2013-01-31 12:45:08,249 INFO properties.PropertiesFileConfigurationProvider: created channel mem1
2013-01-31 12:45:08,262 INFO sink.DefaultSinkFactory: Creating instance of sink: irc1, type: irc
2013-01-31 12:45:08,266 INFO nodemanager.DefaultLogicalNodeManager: Starting new configuration:{ sourceRunners:{exec1=EventDrivenSourceRunner: { source:org.apache.flume.source.ExecSource@498665a0 }} sinkRunners:{irc1=SinkRunner: { policy:org.apache.flume.sink.DefaultSinkProcessor@167a1116 counterGroup:{ name:null counters:{} } }} channels:{mem1=org.apache.flume.channel.MemoryChannel@27f7c6e1} }
2013-01-31 12:45:08,266 INFO nodemanager.DefaultLogicalNodeManager: Starting Channel mem1
2013-01-31 12:45:08,266 INFO instrumentation.MonitoredCounterGroup: Component type: CHANNEL, name: mem1 started
2013-01-31 12:45:08,266 INFO nodemanager.DefaultLogicalNodeManager: Starting Sink irc1
2013-01-31 12:45:08,267 INFO irc.IRCSink: IRC sink starting
2013-01-31 12:45:08,267 INFO nodemanager.DefaultLogicalNodeManager: Starting Source exec1
2013-01-31 12:45:08,267 INFO source.ExecSource: Exec source starting with command:sh /var/lib/app/test.sh
Edit batch size seems to have been the issue, since it was waiting until 20 messages (default?), which was 100 seconds until I saw any output. Now with batchsize = 1, a standard logger outputs results, but IRC is complaining about a NullPointerException, probably because Event.body is null somehow?

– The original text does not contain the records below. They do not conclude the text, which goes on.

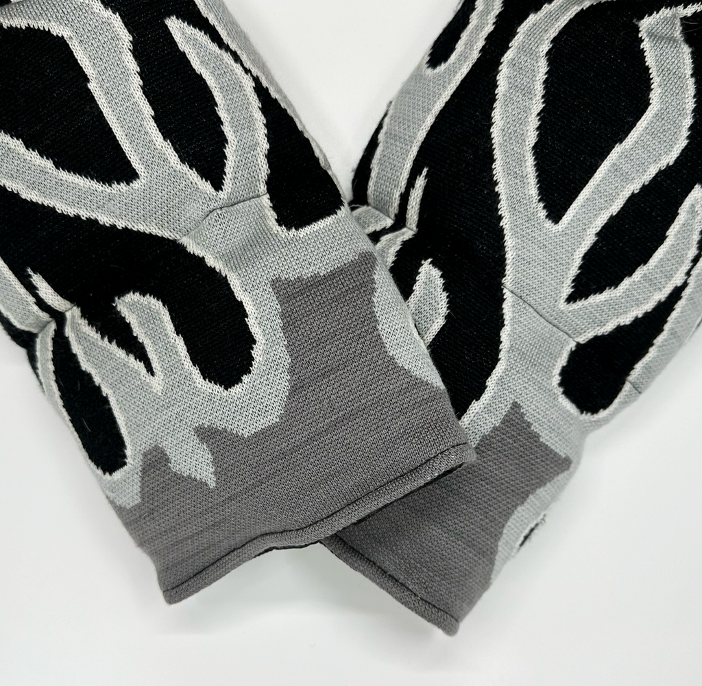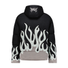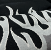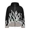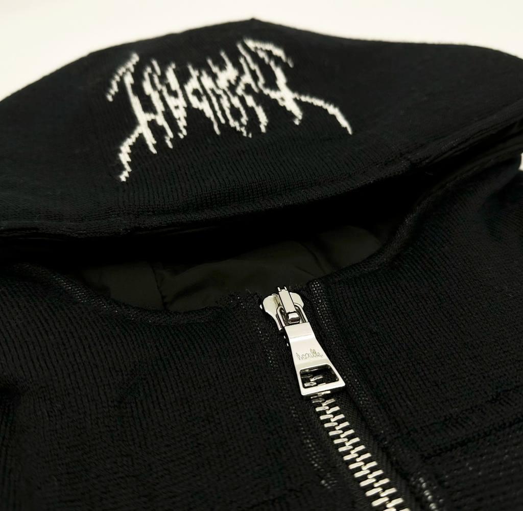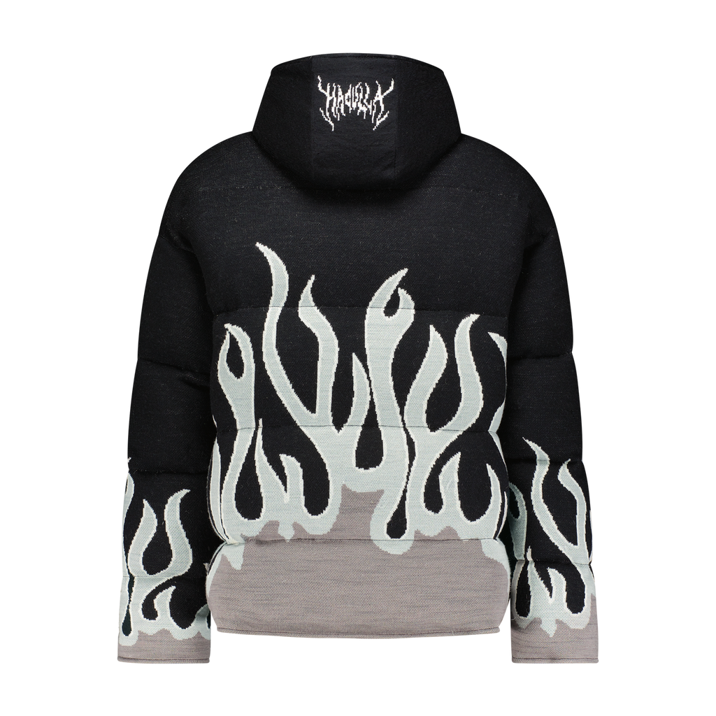 Black knitted wool sweater puffer coat with a black polyester lining, shiny silver 2 way closure zipper, off-white "Haculla" jacquard on the hood and a multi colored original Harif Guzman flame along the bottom of the jacket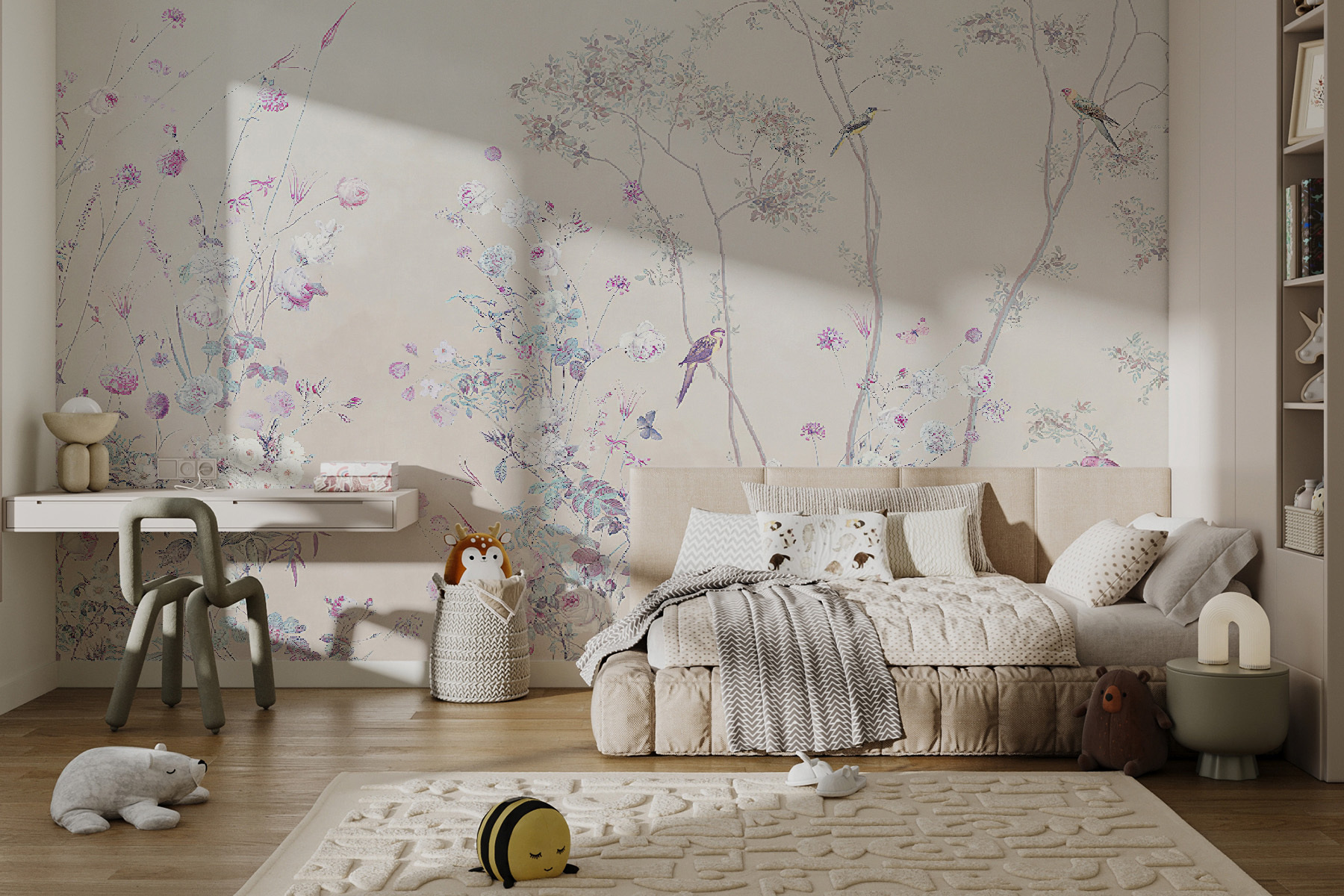 Αυτή η τοιχογραφία, “Παστέλ λουλούδια και πουλιά σε αρμονία”, είναι σαν μια απαλή, ονειρική μελωδία για τους τοίχους σας. Φανταστείτε να γεμίζετε το χώρο σας με άνθη και ντελικάτα πουλιά, όλα σε ηρεμιστικές παστέλ αποχρώσεις. Είναι ιδανική για όποιον αγαπά την ομορφιά της φύσης και θέλει να φέρει μια πινελιά από την ύπαιθρο μέσα στο σπίτι χωρίς να έχει να κάνει, ξέρετε, με πραγματική βρωμιά ή έντομα. Θα μπορούσε να είναι ό,τι πρέπει για να μεταμορφώσει ένα βαρετό δωμάτιο σε ένα γλυκό μικρό καταφύγιο. Τα απαλά χρώματα και η καταπραϋντική σκηνή μπορεί να σας κάνουν να νιώσετε σαν να βρίσκεστε σε έναν μαγεμένο κήπο. Ιδανικό για ένα υπνοδωμάτιο ή μια ζεστή γωνιά ανάγνωσης όπου μπορείτε να ονειροπολήσετε το απόγευμα. Και ε, ποιος δεν θα ήθελε να ξυπνάει κάθε πρωί σε ένα χωράφι με λουλούδια και την ευγενική συντροφιά γραφικών μικρών πουλιών;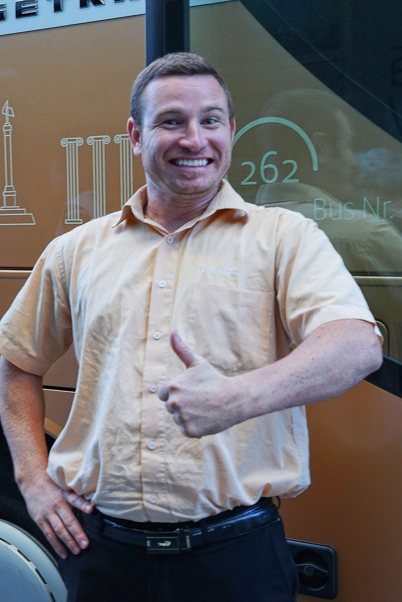 我们的导游教了二句 瑞典 话,你好!----黑的窝! 谢谢!----塔克! 我们的大巴司机是 捷克 人,说给他拍照马上摆出这样的POSE, 很得意的“帅锅 ”一枚吧!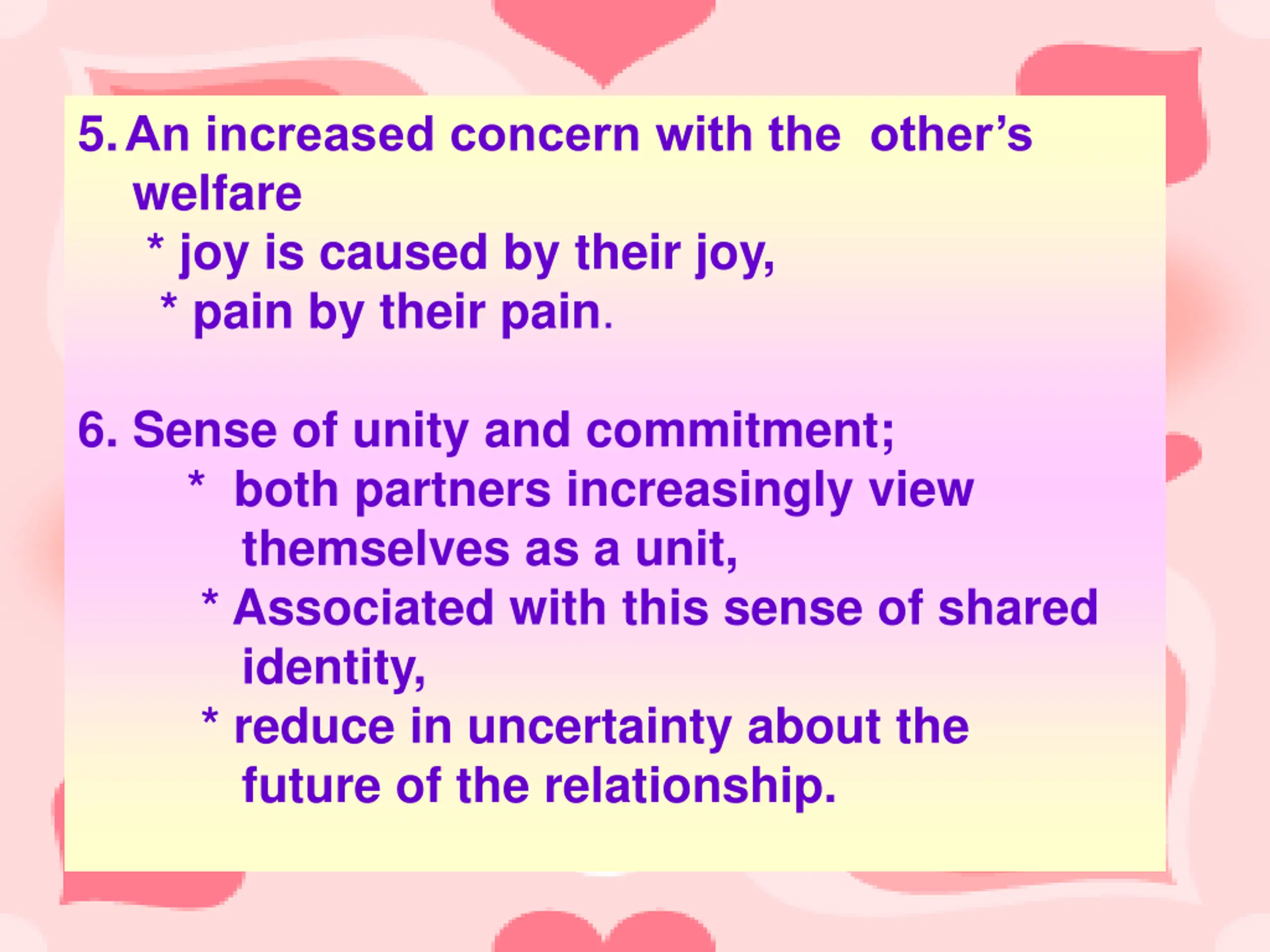 5.An increased concern with the others welfare * joy is caused by their joy, * pain by their pain. 6. Sense of unity and commitment; * both partners increasingly view themselves as a unit, * Associated with this sense of shared identity, * reduce in uncertainty about the future of the relationship.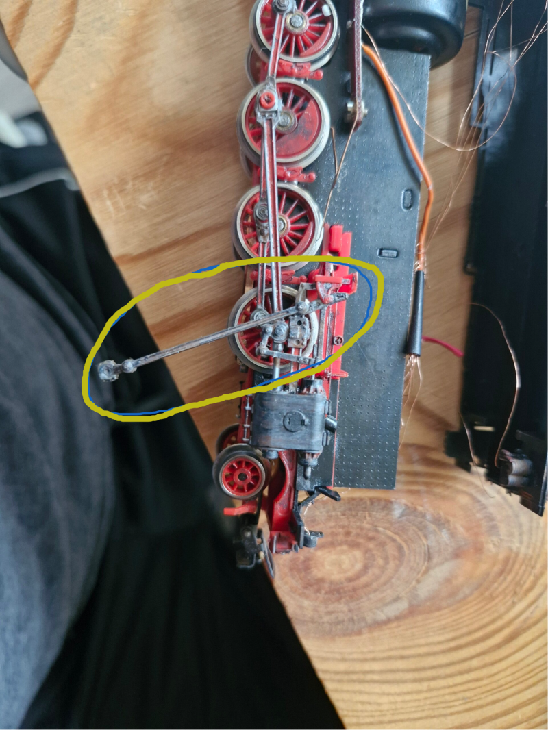 Der zweite Blick auf die Seiten der Lok offenbart jedoch, dass links und rechts jeweils eine der Kurbelstangen fehlt. Diese sind anscheinend abhanden gekommen weil die Plastik-Clips ausgebrochen sind. Nicht ungewöhnlich bei alten Modellen aus Plastik und solch filigranen Bauteilen: Alles, was es braucht, ist ein etwas ungelenker Umgang mit der Lok, da diese Kurbelstangen seitlich etwas hervorstehen - und schon sind die Clips beschädigt.

The docs for IRC sinks (found here: Flume 1.x User Guide) are wrong in saying that splitlines is not required to be configured. It does not have a default value in the code, so you must configure it.
Looking at the source code (found here: IRCSink.java) you must also specify "splitlines" or suffer the NullPointerException. There is code to handle "splitchars" being null, but not splitlines. Reported as FLUME-1892 (Edit: This ticket was resolved in January. This should no longer be an issue.)